▸ Input for this task
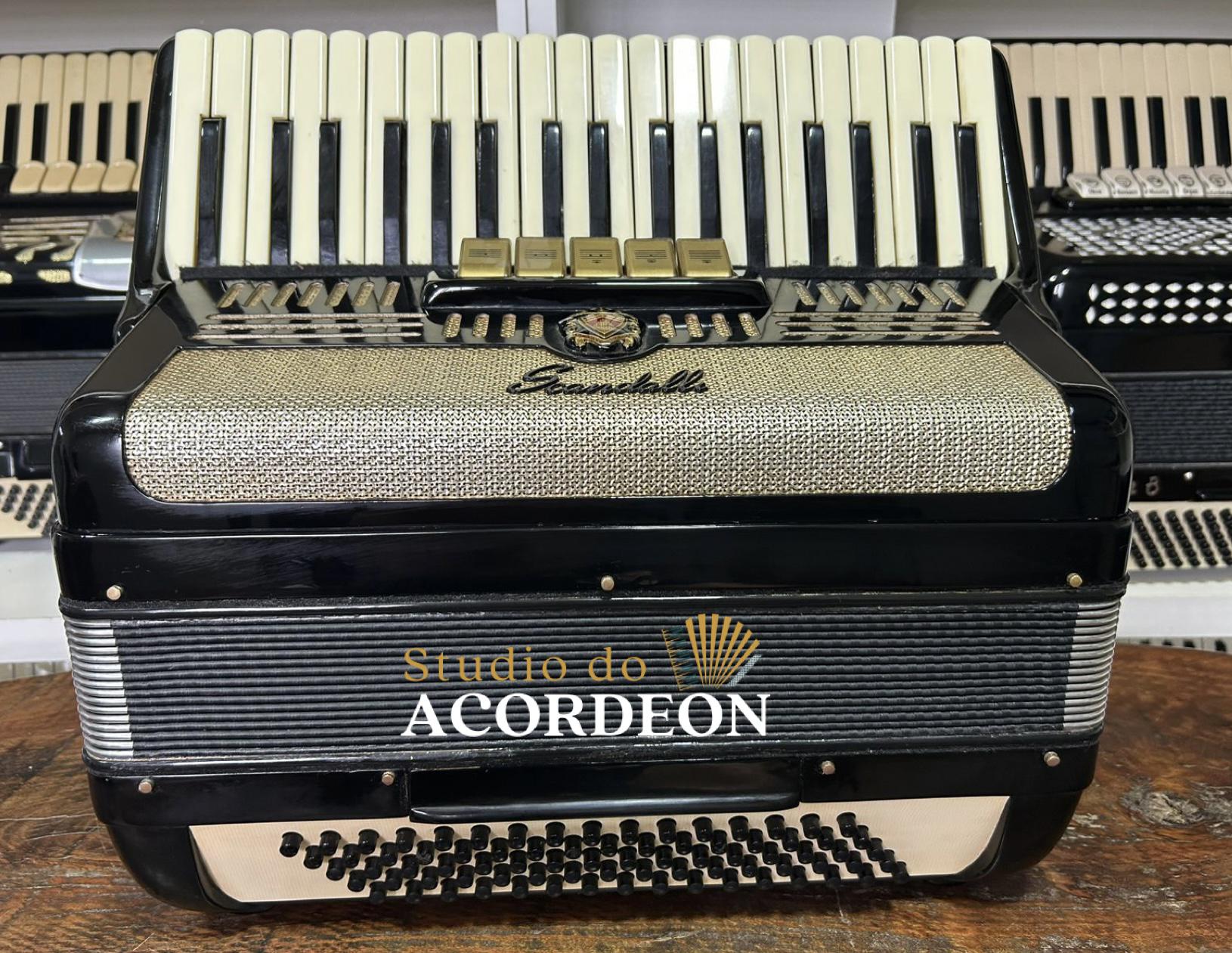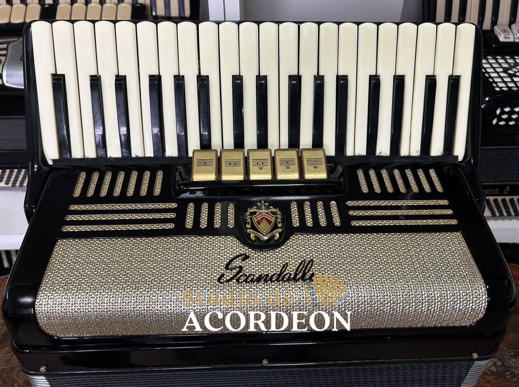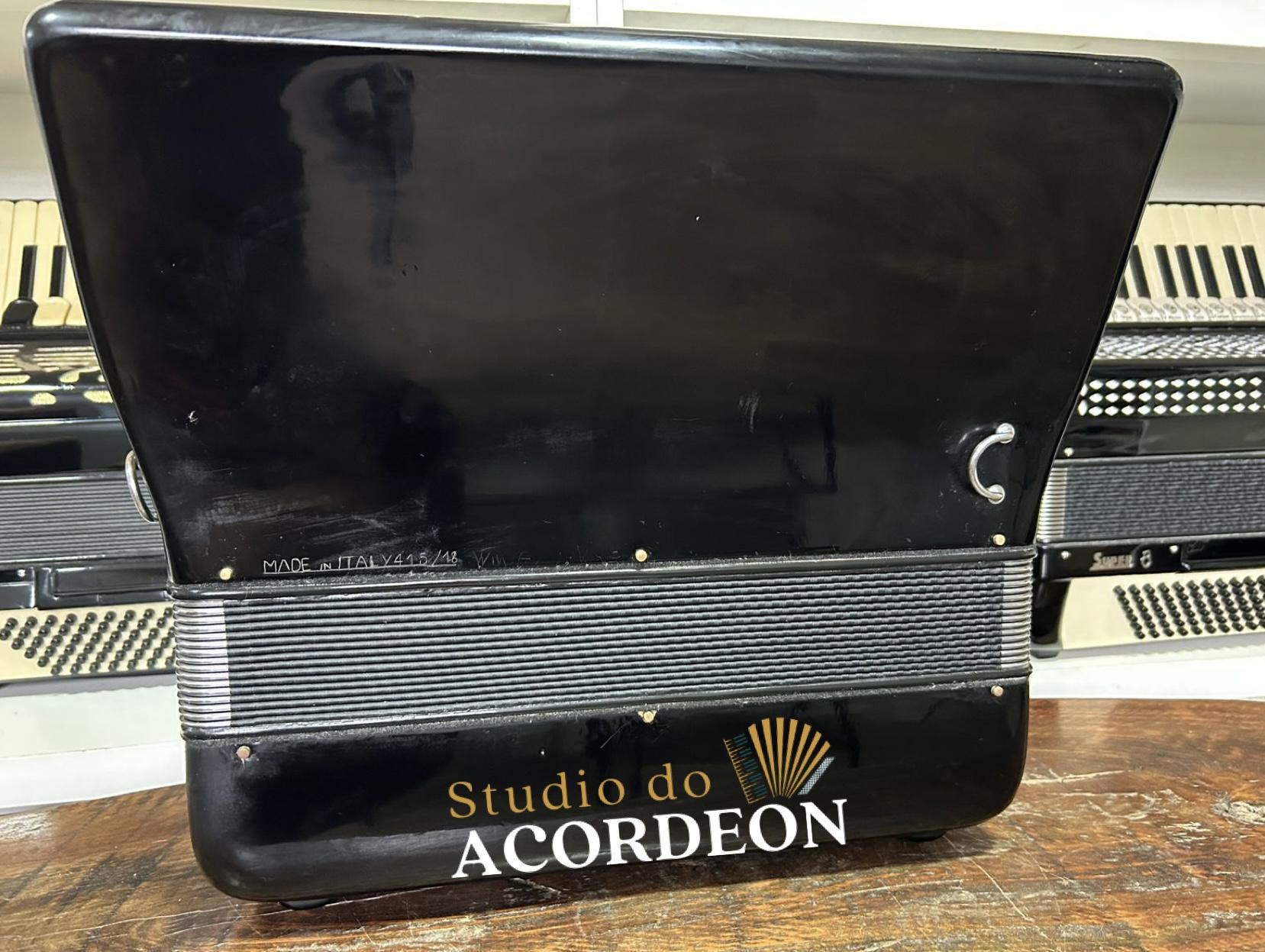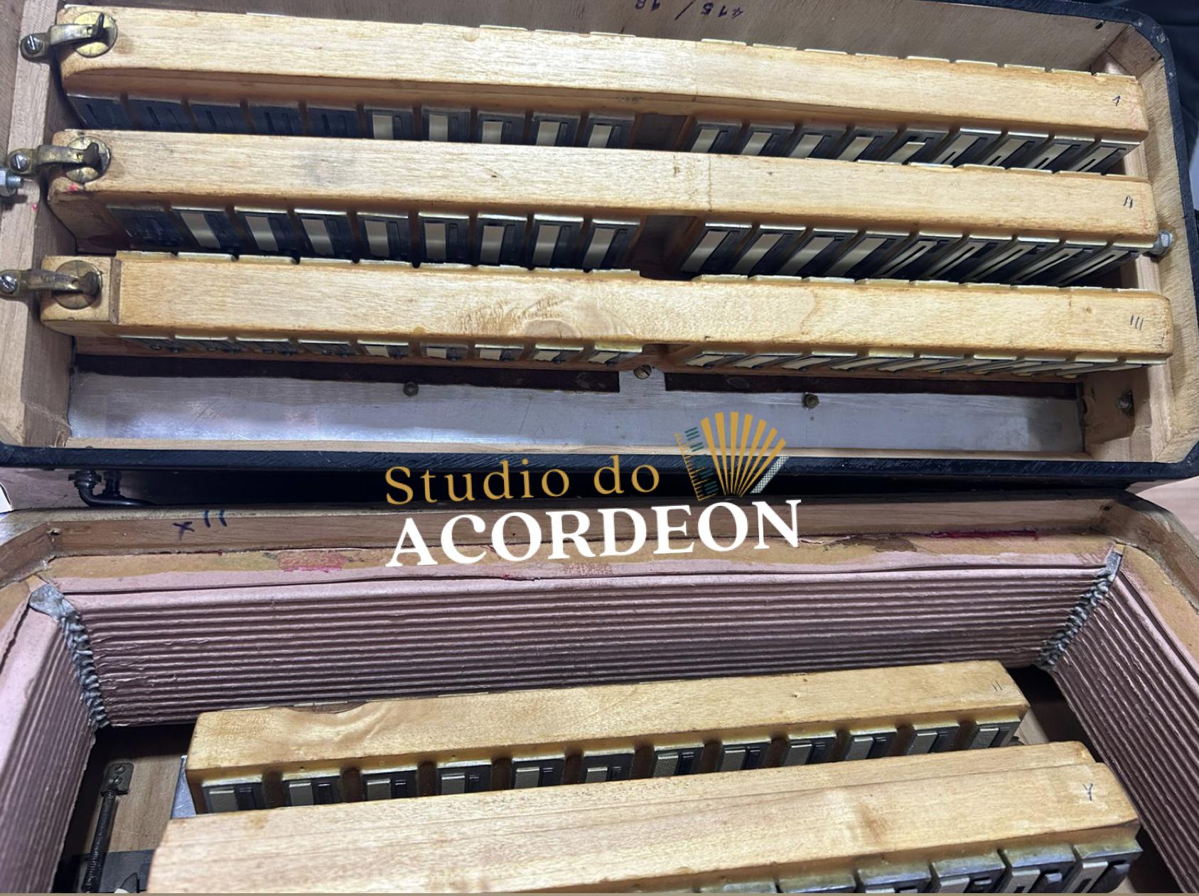 3/5 de voz com violino; 80 Baixos; 5/2 Registros; Modelo anos 50, série ouro; Fole e afinação 💯%; Teclado marfim; Frete grátis para todo Brasil para pagamento à vista; Parcelamos em até 12X nos cartões 💳
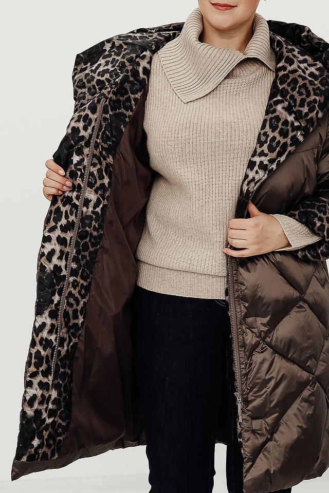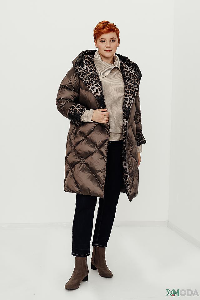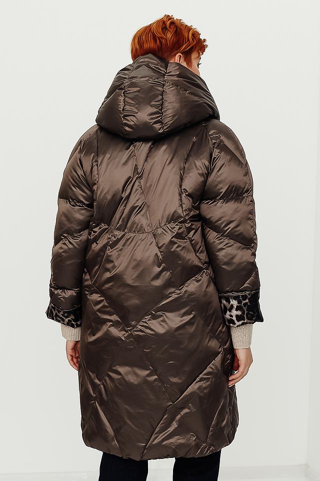 Пальто имеет стеганую фактуру, которая придает ему современный вид и обеспечивает дополнительное тепло. Капюшон не отстегивается, а его внутренняя часть отделана искусственным мехом с леопардовым рисунком, что добавляет образу роскоши и индивидуальности.
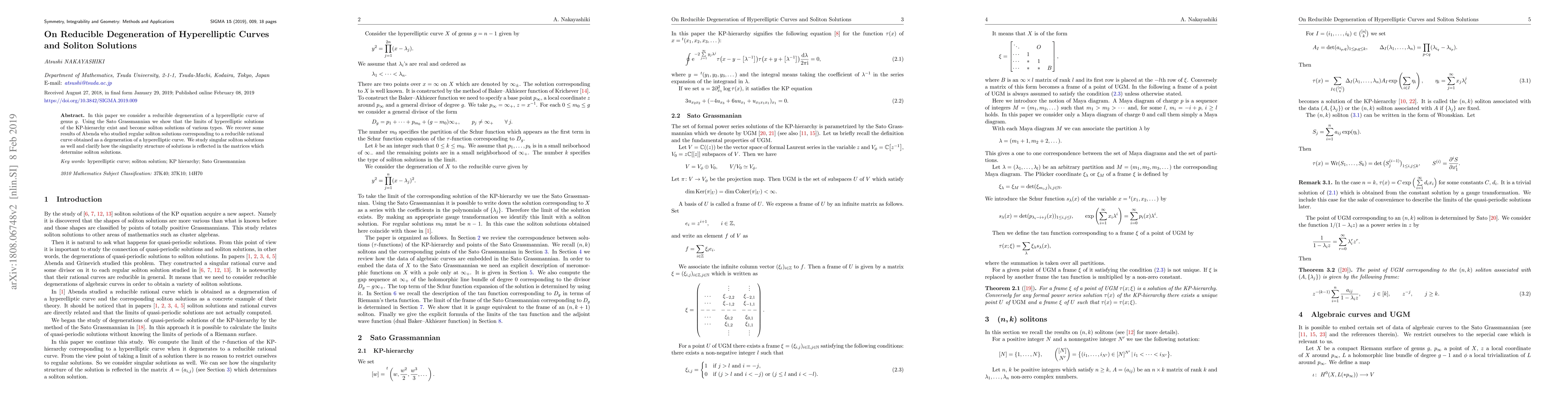 This paper investigates the reducible degeneration of hyperelliptic curves of genus $g$ and demonstrates that the limits of hyperelliptic solutions of the KP-hierarchy become soliton solutions, using the Sato Grassmannian framework. It also explores singular soliton solutions and their corresponding singularity structures.
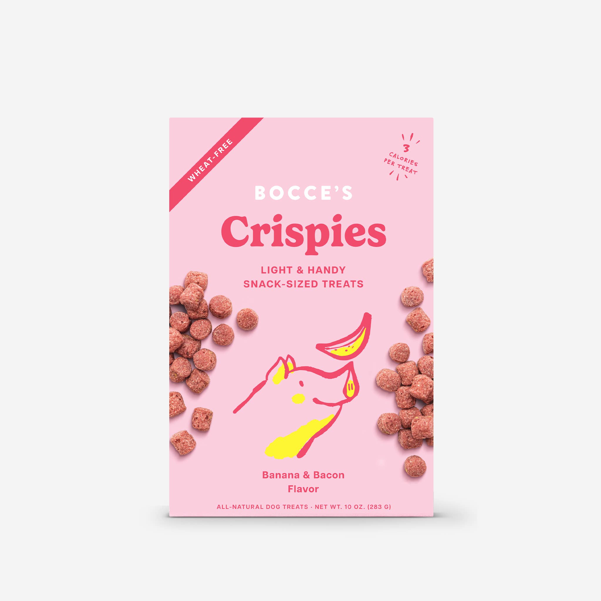 Light and handy snack-sized treats! At only 3 calories per treat, Crispies are perfect for all-day snacking & training. * 10 oz. * 100% Real Ingredients * Baked in the USA * Wheat-Free * Low-Calorie (Just 3 per treat!) Ingredients: Oats, Rice, Banana, Beet Powder, Natural Bacon Flavor, Citric Acid Guaranteed Analysis:Â Protein: 12%Â Fat: 6%Â Fiber: 10%Â Moisture: 10%Â Calories:Â 3 Cal/treat
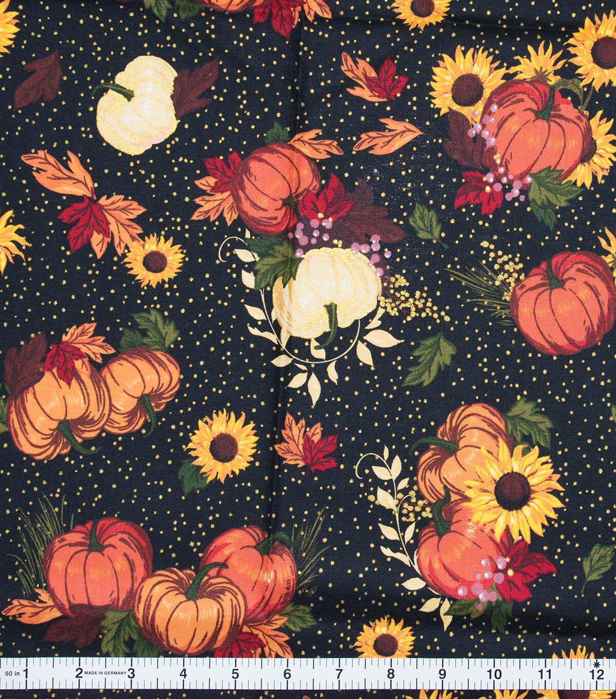 Flowers & Pumpkins On Black Dot Fall Print Cotton Fabric
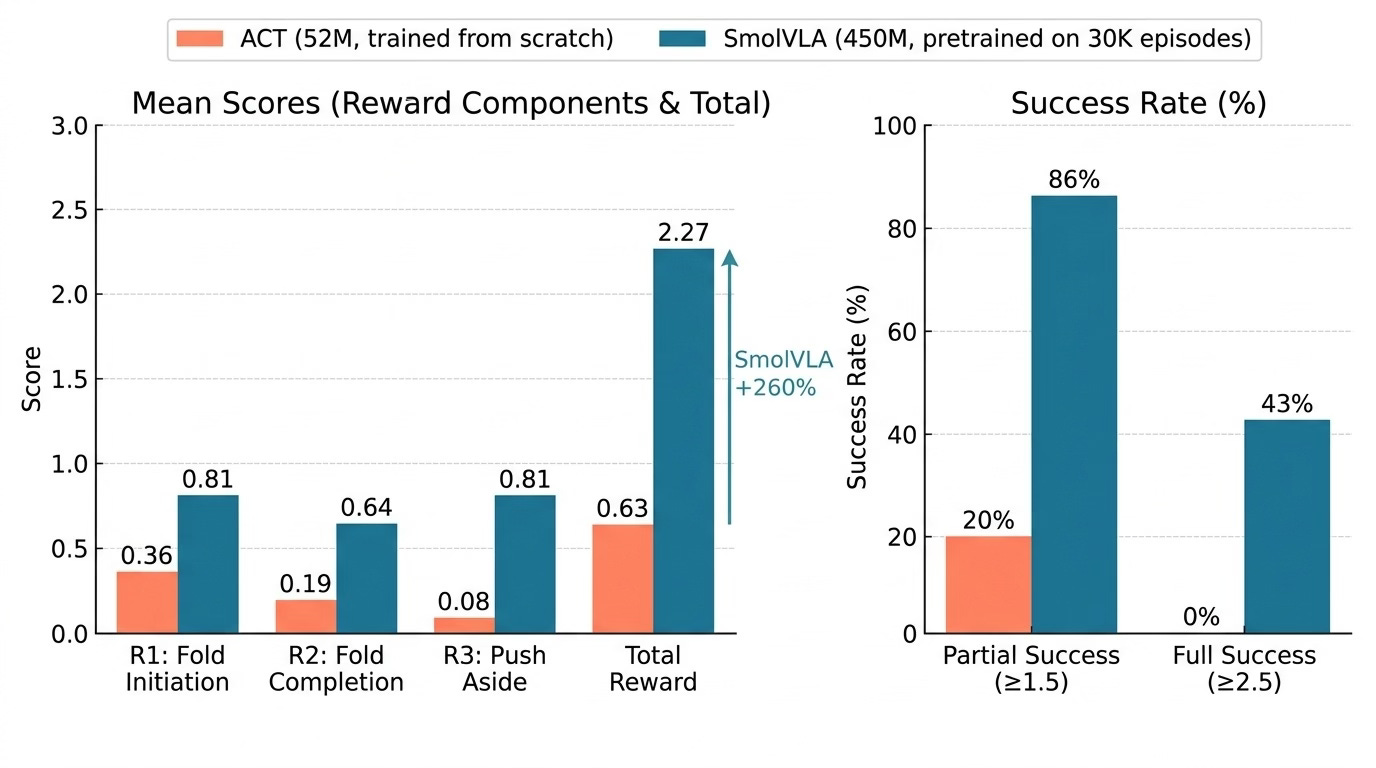 Head-to-head comparison: SmolVLA scores 2.27/3.0 mean total reward vs ACT’s 0.63/3.0 — a 260% improvement. SmolVLA achieves 86% partial success rate vs ACT’s 20%.
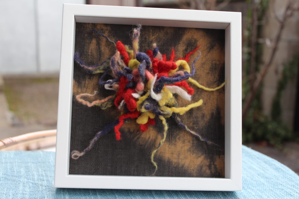 背景の麻布もただ一人絞り染めをしていて、その絞りによって原毛のエネルギーが風を巻き起こしているように見えますね。この技法でブローチも作ってみたいそうです。4月の「草木染教室展」で見られるのか楽しみです。
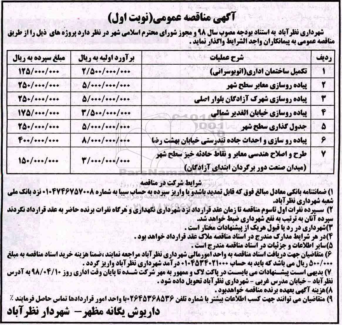 شهرداری نظرآباد در نظر دارد پروژه های ذیل را از طریق مناقصه عمومی به پیمانکاران واجد الشرایط واگذار نماید.
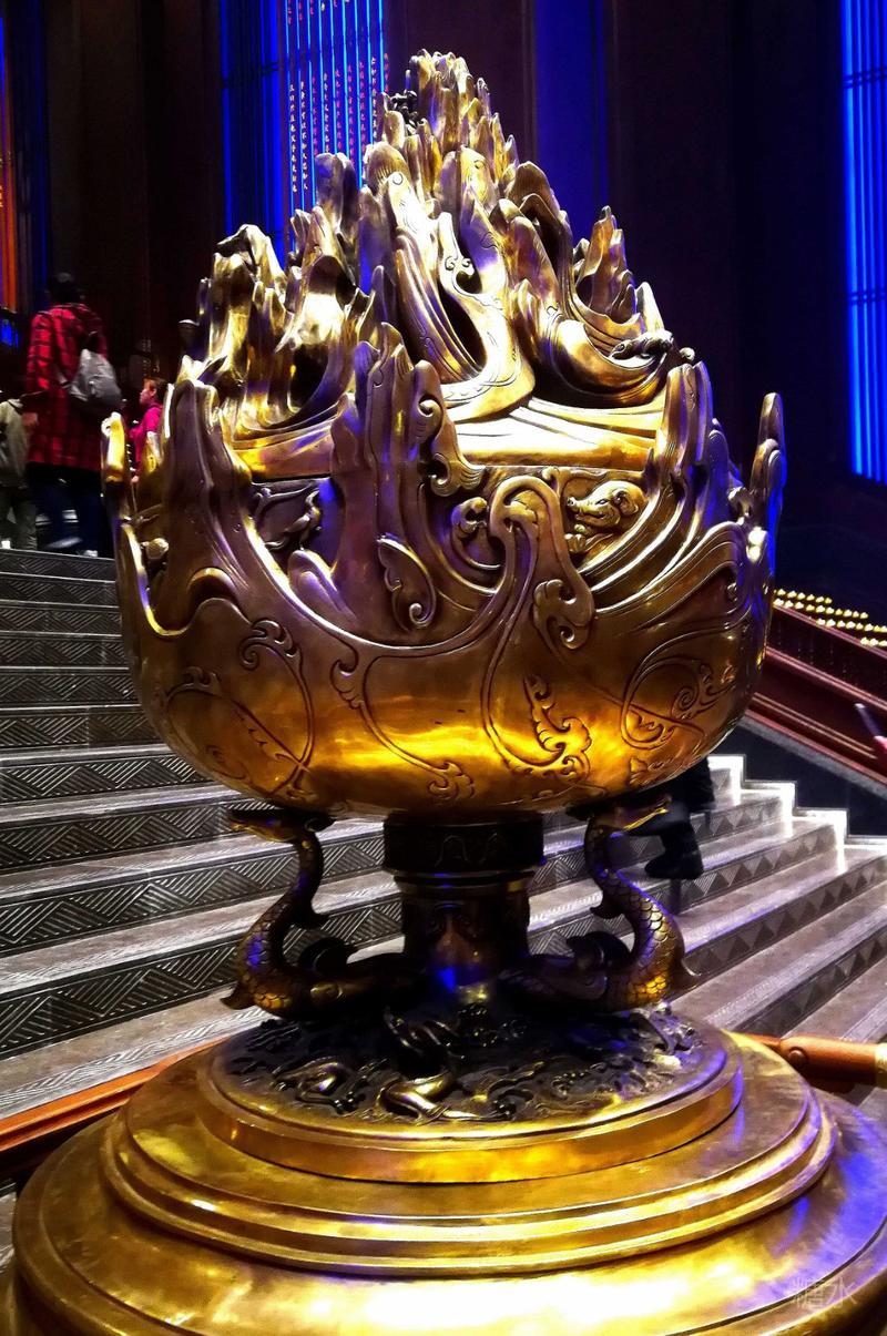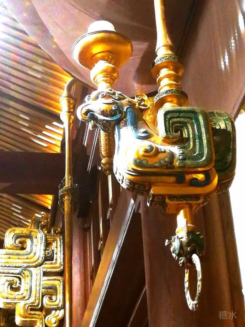 赫,龙凤造型持灯,佛龛之间的隔离装饰灯柱,竟然也这样豪华,这样艺术化!

▸ Work instruction
Within the entries above, give again exactly the lines starting at the one that contains "Head-to-head comparison: SmolVLA" and ending at the one that contains "背景の麻布もただ一人絞り染め", leaving out the pictures.

▸ Response
 Head-to-head comparison: SmolVLA scores 2.27/3.0 mean total reward vs ACT’s 0.63/3.0 — a 260% improvement. SmolVLA achieves 86% partial success rate vs ACT’s 20%.
 背景の麻布もただ一人絞り染めをしていて、その絞りによって原毛のエネルギーが風を巻き起こしているように見えますね。この技法でブローチも作ってみたいそうです。4月の「草木染教室展」で見られるのか楽しみです。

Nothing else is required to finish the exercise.